OK, my Charlotte inspirational hopeful tale about over-adjustment is her marriage to Harry and the problems that she encountered at the very beginning of her relationship with Harry. Do you remember Harry?


[Kristin] (52:12 - 52:22)
Right, of course. Harry was her divorce lawyer when she divorced Trey McDougal. But Harry was not a bad boyfriend.


He was good. So where are you going with this, Regina?


[Regina] (52:23 - 52:36)
Yeah, but she discounted him at first, right? Oh, she did, yes. Yes, she was like, he's not good husband material.


He's not good for me. And this is because she was throwing too much into the model. Why did she not like him?


[Kristin] (52:37 - 53:08)
Right, because he was bald and hairy and sweaty and not her picture-perfect pedigreed man. Yes, so she was throwing all of those into the model, is what you're saying, and over-adjusting, over-counting all of those dimensions when they, in fact, were not important. And by over-filling her model with all of these unimportant variables, she's answering the wrong question about what makes a good husband.

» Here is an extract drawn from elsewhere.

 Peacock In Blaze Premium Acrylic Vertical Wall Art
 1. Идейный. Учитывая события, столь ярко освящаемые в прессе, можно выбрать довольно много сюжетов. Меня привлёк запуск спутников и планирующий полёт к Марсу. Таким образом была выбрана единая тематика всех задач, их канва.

And she mistakenly believes, based on her initial model, that Harry is not good husband material.


[Regina] (53:08 - 53:20)
But, but, yay Charlotte, she realized the error of her ways, tossed her model, started again, and stopped screwing things up with over-adjustment, and then got married.


[Kristin] (53:20 - 53:22)
Throw out the unimportant variables, right.


[Regina] (53:22 - 53:25)
Right, is she still married in the reboot?


[Kristin] (53:25 - 53:34)
She is still married to Harry in the reboot, yes. That's the only relationship, really, that worked out, although Carrie's kind of back with Aiden, so I guess maybe that wouldn't worked out in the long run, yeah.


[Regina] (53:35 - 53:43)
Okay, but I'm going to see this as a vote for statistical adjustment used properly. And not, not with over-adjustment. You find true love.


[Kristin] (53:43 - 53:48)
When you fix your model, it can be useful, exactly.


[Regina] (53:48 - 54:19)
There you go. Kristin, I feel like we are nearing the end of our episode, and I've got to say, I like this format. It was kind of fun. I was a little suspicious at first, but it was fun to review.

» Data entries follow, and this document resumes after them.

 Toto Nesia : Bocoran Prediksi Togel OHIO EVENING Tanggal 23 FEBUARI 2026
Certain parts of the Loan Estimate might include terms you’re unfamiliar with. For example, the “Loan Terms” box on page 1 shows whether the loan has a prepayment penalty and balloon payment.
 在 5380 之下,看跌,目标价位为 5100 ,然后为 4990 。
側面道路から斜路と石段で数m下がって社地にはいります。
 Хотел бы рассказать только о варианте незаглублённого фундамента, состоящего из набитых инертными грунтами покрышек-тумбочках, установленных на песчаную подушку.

I think that we have done some interesting things today with our bad boyfriends, bad statistical practices, and hopeful sweet statistical adjustment Charlotte. I think that we've actually touched on some deeper truths here.


[Kristin] (54:19 - 54:32)
We have given a lot of advice for both good research and good dating, and it's amazing how much overlap there is between those two seemingly unrelated domains of life. I would not have predicted that.


[Regina] (54:33 - 54:45)
Me neither. But we would like to hear from listeners. Did this work?


Did it not work? What do you like? What's going well?

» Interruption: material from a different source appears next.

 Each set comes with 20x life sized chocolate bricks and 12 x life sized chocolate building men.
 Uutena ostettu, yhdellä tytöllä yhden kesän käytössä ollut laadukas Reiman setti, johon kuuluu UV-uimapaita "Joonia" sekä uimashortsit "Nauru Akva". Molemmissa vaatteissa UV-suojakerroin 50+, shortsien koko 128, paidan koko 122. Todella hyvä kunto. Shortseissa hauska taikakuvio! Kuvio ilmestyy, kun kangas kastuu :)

Give us feedback. We love feedback.


[Kristin] (54:46 - 55:12)
And again, we encourage listener questions and also topics you'd like to hear in more depth in one of these kinds of review episodes. And I'll just give a reminder to everybody that Regina and I do have lots of online courses, which you can find on our website if you like the way we teach about statistics and statistics. And writing.


And we also, as I mentioned, give customized workshops. So contact us if you're interested to find out more about that through normalcurves.com.


[Regina] (55:12 - 55:15)
That was a great, smooth, yet shameless plug.


[Kristin] (55:16 - 55:28)
We are not afraid to shamelessly plug, as women should not be. And Regina, we are going to provide a review sheet with the show notes for anybody who's really trying to follow our podcast to learn statistics in depth.


[Regina] (55:29 - 55:31)
Those are for the overachievers.


[Kristin] (55:32 - 55:39)
Yes, absolutely. Or teachers who are using our material for their class or students who are following this for class.


[Regina] (55:40 - 55:48)
This whole episode has been more fun than I expected. I will give you that one. Thank you, Kristin.


And thank you, everyone, for listening.


[Kristin] (55:48 - 55:50)
Thanks, Regina. Thanks, everyone, for listening.